Before the political changes produced during and after the French Revolution, morality and the law remained quite linked, so what was considered immoral, that is, the anti-social behavior, was automatically repressed.
Society tolerated a certain range of behavior and outside this range the law could not act to make permissible something immoral.
The laws usually needed support in morality, otherwise would find opposition in the people, in addition, to approve a law that was immoral was something inconceivable unless the government had the ability to repress people and win their discontent.
Therefore the law based on morality not only reduced the range of action of individuals in society, but became the first and largest counterweight to the rulers, sometimes even greater than that established under any system or legal form determined.
This is one of the many factors why we may not know any civilization without deity, because religious beliefs are generally responsible for establishing a moral or ethical rank in which the members of a society are based to act, including thinking, and as a consequence, a society that is clear about what is good and what is not, according to itself of course, can go in a definite direction.
When this ceased to be this way, when the Old Regime began to degenerate, when the link between the rulers and the moral was slowly lost, and government actions began to be justified based on the diffuse concept call Raison d'État, which literally translates as Reason of State, and which today we call National Interest, then, from this disconnection between rulers and the governed arose the weakness of the monarchies and the aristocratic regimes that were later exploited by the coming movements of the Enlightenment and in some cases Marxism that were in charge of burying the establishment.

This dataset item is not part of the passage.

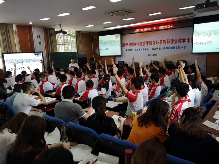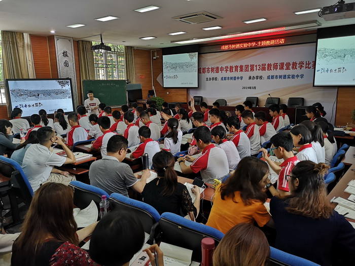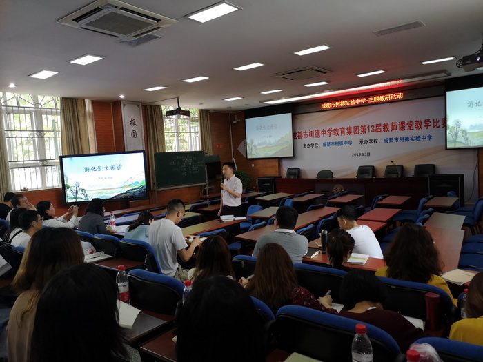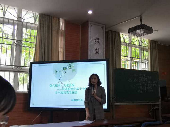 第二节课是教学研讨,首先是树德实验中学的彭睿老师以崔老师这节课为例,进行了《游记散文教学探究》的讲座,讲诉了游记散文的三要素、到单元教学的课时安排、每篇课文教学重点的异同等等,这都体现了树德实验中学教研组的集体智慧与创新教学,泡桐树老师们感受到校本教研深入的重要性。之后是泡桐树中学的谢晓霞老师进行了《循文根本自主合作探究学习名著》展示,基于学生名著阅读的现状和教学中的难点,谢老师从回归文字本体、回归学生本体、回归思考本体三方面着手,实施真实有效的名著阅读,通过学生学习效果的展示,让“循文根本”的教学理念深入人心。

Due to the repression since the State began to go above the moral, enacting laws that were above and that consequently expanded to the detriment of individual freedom, the secular movement argued that morality and the State should be separated for protect the individual from the arbitrariness of the rulers, on the other hand, the Marxist movements proceeded to abolish any link between morality and the State, consequently, the connection of the State with the customs of the people disappears. And although it might seem like an excellent idea from the point of view of individual freedom, it also brought with it some drawbacks.
The separation of the State from morality did not prevent the rulers from continuing to legislate arbitrarily, declaring certain institutions would not make the dynamic of power that had already been constituted change, in fact, this new scenario caused the arbitrariness, instead of decreasing, increase.
If there is no link between the morality of a society and the law, what links to the ruling governments and the governed? The votes?
So after the secularization occurred, a social scenario was created in which some individuals of society could behave immorally, but pass below the radar of the law, that is, the constitution of legally immoral behavior.
And although this does not change the fact that social condemnation keeps this type of behavior aside, over the years, slowly, but increasingly faster, society's receptivity to that type of behavior changes.
In a certain way it is something inevitable, society is an organic body, and by expanding the overton window in that way and allowing a certain behavior to continue to be part of the social body, that behavior will try, by its own impulse, to expand as much as possible. The problem, of course, is not found in the proliferation of new social behaviors, the expansion of ideas and habits of society is something that can be positive, in a natural way, societies constantly destroy and rebuild their habits and beliefs.
The problem is another, then, suppose that there are two different moral systems within the same socio-political body, one is highly restrictive but represents 95% of the population, and the other is not very restrictive but represents the remaining 5%. We could think that both moral systems can coexist in the same environment without affecting each other, that is, respecting, nevertheless, either by reproductive qualities or by conversion, the composition of the social fabric tends to be altered, which represents that one's behavior will grow proportionally to the detriment of the other.
Thus, secularization, by stripping the most restrictive moral systems of their natural self-defense mechanism, ends roughly favoring less restrictive or more permissive moral systems, and at the same time, immorality over any moral system.
The logical path of secularization could be the individualization of morality, where all the existing moral is the individual, but as the human being is a social being, and to face this scenario, it will probably seek to associate with other individuals with whom it shares customs and similar beliefs, establishing an association with their peers, this time, non-secular, and although voluntary, also highly conditioning.